Live album by Charles Mingus
- Released: August 1956
- Recorded: December 23, 1955
- Venue: Café Bohemia, New York City
- Genre: Avant-garde jazz
- Length: 41:04
- Label: Debut

Charles Mingus chronology
| The Jazz Experiments of Charlie Mingus (1954) | Mingus at the Bohemia (1956) | Pithecanthropus Erectus (1956) |

= Mingus at the Bohemia =

Mingus at the Bohemia is a live album by the jazz composer and bassist Charles Mingus. It was released in August 1956 through Mingus's own label Debut Records. It was recorded at Café Bohemia in New York City on December 23, 1955. Max Roach makes a guest appearance on one track. Other recordings from the same performance were released in 1964 under the title The Charles Mingus Quintet & Max Roach.

Mingus at the Bohemia has also been released under the title Chazz! and credited to The Charles Mingus Quintet.

Professional ratings
Review scores
| Source | Rating |
| Allmusic | Star Half star |
| The Penguin Guide to Jazz Recordings | Star |

== Reception ==
Allmusic awarded the album 4.5 stars, citing Mingus' standout bass playing and noting that "this is the first Mingus recording to feature mostly his own compositions."

== Track listing ==

Notes:
- "Septemberly" is Mingus' compositional combination of "September in the Rain" by Dubin and Warren, and "Tenderly" by Gross and Lawrence.
- "All The Things You C#" is Mingus' compositional combination of "All The Things You Are" by Kern and Hammerstein, and "Prelude in C-sharp minor" by Rachmaninoff.
- On some reissues, a brief spoken intro and false start are omitted from track 8 for a reduced length of 9:50.

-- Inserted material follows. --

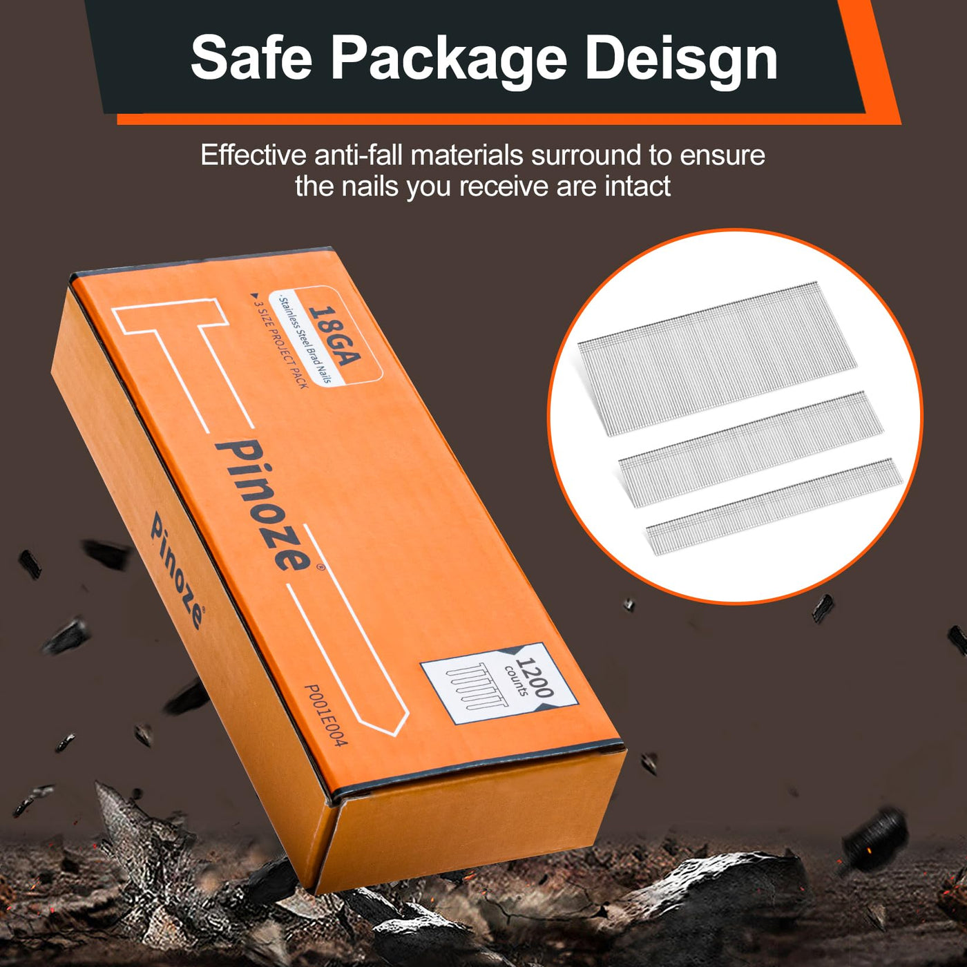 - 【RUST-RESISTANT MATERIAL】- All brad nail gun nails are made of high quality 304 stainless steel , which is built to last through multiple projects. Its strong waterproof performance can prevent rust and corrosion even in humid environments, with a longer service life. Very suitable for outdoor and indoor carpentry work.

| No. | Title | Writer(s) | Length |
|---|---|---|---|
| 1. | "Jump Monk" | Charles Mingus | 6:44 |
| 2. | "Serenade In Blue" | Mack Gordon, Harry Warren | 5:57 |
| 3. | "Percussion Discussion" | Mingus, Max Roach | 8:25 |
| 4. | "Work Song" | Mingus | 6:16 |
| 5. | "Septemberly" | Al Dubin, Harry Warren / Walter Gross, Jack Lawrence | 6:55 |
| 6. | "All The Things You C#" | (Jerome Kern, Oscar Hammerstein II / Sergei Rachmaninoff) | 6:47 |

1990 Fantasy, Inc. CD reissue additional tracks:
| No. | Title | Length |
|---|---|---|
| 7. | "Jump Monk (Alternate Take)" | 11:38 |
| 8. | "All The Things You C# (Alternate Take)" | 10:44 |

== Personnel ==
- George Barrow - tenor saxophone
- Eddie Bert - trombone
- Mal Waldron - piano
- Charles Mingus - double bass (bass and overdubbed piccolo bass on "Percussion Discussion")
- Willie Jones - drums (except "Percussion Discussion")
- Max Roach - drums (on "Percussion Discussion")

== Sources ==
- Horst Weber, Gerd Filtgen: Charles Mingus. Sein Leben, seine Musik, seine Schallplatten. Oreos, Gauting-Buchendorf, o.J., ISBN 3-923657-05-6
- Marcus A. Woelfle: Liner Notes zu Charles Mingus - 80th Birthday Celebration (Fantasy)
- Richard Cook & Brian Morton: The Penguin Guide To Jazz On CD; Penguin, London, 2002.